+++ Material provided +++

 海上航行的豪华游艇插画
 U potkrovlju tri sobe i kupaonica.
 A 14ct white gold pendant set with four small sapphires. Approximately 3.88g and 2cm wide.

+++
+++ Material provided +++

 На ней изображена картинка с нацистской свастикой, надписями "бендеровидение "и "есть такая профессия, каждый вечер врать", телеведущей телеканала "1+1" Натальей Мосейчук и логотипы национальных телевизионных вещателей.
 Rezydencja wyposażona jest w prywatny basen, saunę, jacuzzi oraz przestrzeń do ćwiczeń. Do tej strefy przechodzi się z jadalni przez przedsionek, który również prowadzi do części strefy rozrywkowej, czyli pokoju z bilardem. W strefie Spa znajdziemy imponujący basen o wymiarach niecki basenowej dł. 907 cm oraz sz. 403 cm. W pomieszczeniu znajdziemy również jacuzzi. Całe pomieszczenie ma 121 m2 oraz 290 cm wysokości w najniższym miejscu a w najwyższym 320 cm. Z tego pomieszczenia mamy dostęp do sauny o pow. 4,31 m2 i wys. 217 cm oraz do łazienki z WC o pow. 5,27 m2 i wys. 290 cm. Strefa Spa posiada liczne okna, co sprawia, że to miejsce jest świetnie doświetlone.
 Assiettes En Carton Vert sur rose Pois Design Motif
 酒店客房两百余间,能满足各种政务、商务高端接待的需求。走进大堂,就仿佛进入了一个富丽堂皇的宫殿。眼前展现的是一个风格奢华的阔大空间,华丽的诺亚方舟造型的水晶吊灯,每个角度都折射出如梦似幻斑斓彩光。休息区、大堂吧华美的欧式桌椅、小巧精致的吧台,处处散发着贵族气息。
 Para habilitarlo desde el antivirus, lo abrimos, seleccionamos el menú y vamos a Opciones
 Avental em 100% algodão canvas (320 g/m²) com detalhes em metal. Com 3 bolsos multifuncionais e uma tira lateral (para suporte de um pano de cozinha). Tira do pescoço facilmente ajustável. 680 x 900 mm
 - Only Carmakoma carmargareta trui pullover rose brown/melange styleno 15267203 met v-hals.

+++

Work required:
Go through the records and show every line with the string "rose" in it.

Exercise output:
 Assiettes En Carton Vert sur rose Pois Design Motif
 - Only Carmakoma carmargareta trui pullover rose brown/melange styleno 15267203 met v-hals.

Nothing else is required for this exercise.